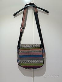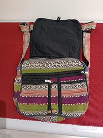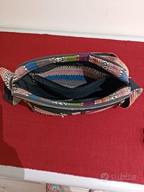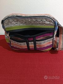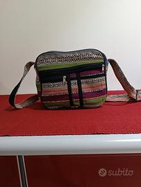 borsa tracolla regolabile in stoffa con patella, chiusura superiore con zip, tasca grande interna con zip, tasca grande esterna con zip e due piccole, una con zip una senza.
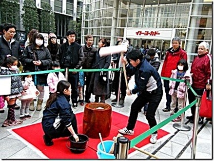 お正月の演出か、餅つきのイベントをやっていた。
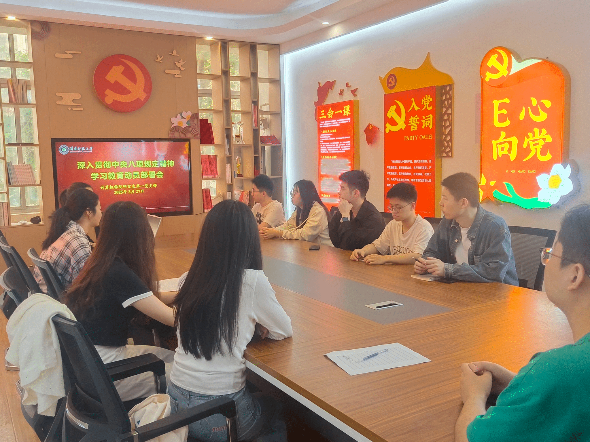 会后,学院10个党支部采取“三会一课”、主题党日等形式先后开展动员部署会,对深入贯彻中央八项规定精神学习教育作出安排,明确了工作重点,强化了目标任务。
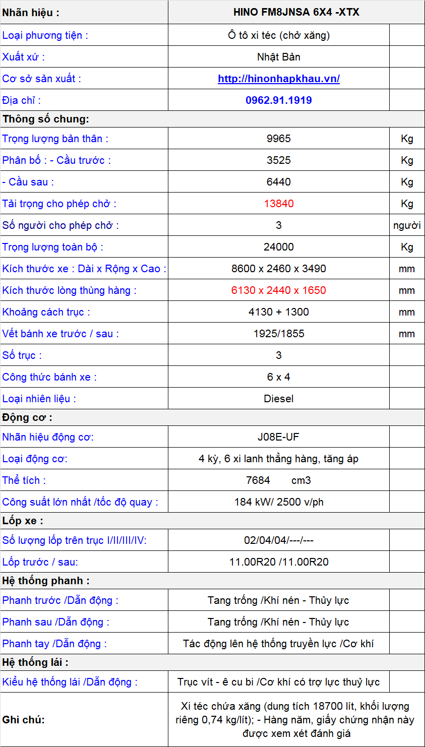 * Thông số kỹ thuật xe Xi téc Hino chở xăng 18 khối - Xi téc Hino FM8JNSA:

▶ [Work to be completed] Write out all the data exactly, minus pictures.

▶ [Exercise output]
 borsa tracolla regolabile in stoffa con patella, chiusura superiore con zip, tasca grande interna con zip, tasca grande esterna con zip e due piccole, una con zip una senza.
 お正月の演出か、餅つきのイベントをやっていた。
 会后,学院10个党支部采取“三会一课”、主题党日等形式先后开展动员部署会,对深入贯彻中央八项规定精神学习教育作出安排,明确了工作重点,强化了目标任务。
 * Thông số kỹ thuật xe Xi téc Hino chở xăng 18 khối - Xi téc Hino FM8JNSA:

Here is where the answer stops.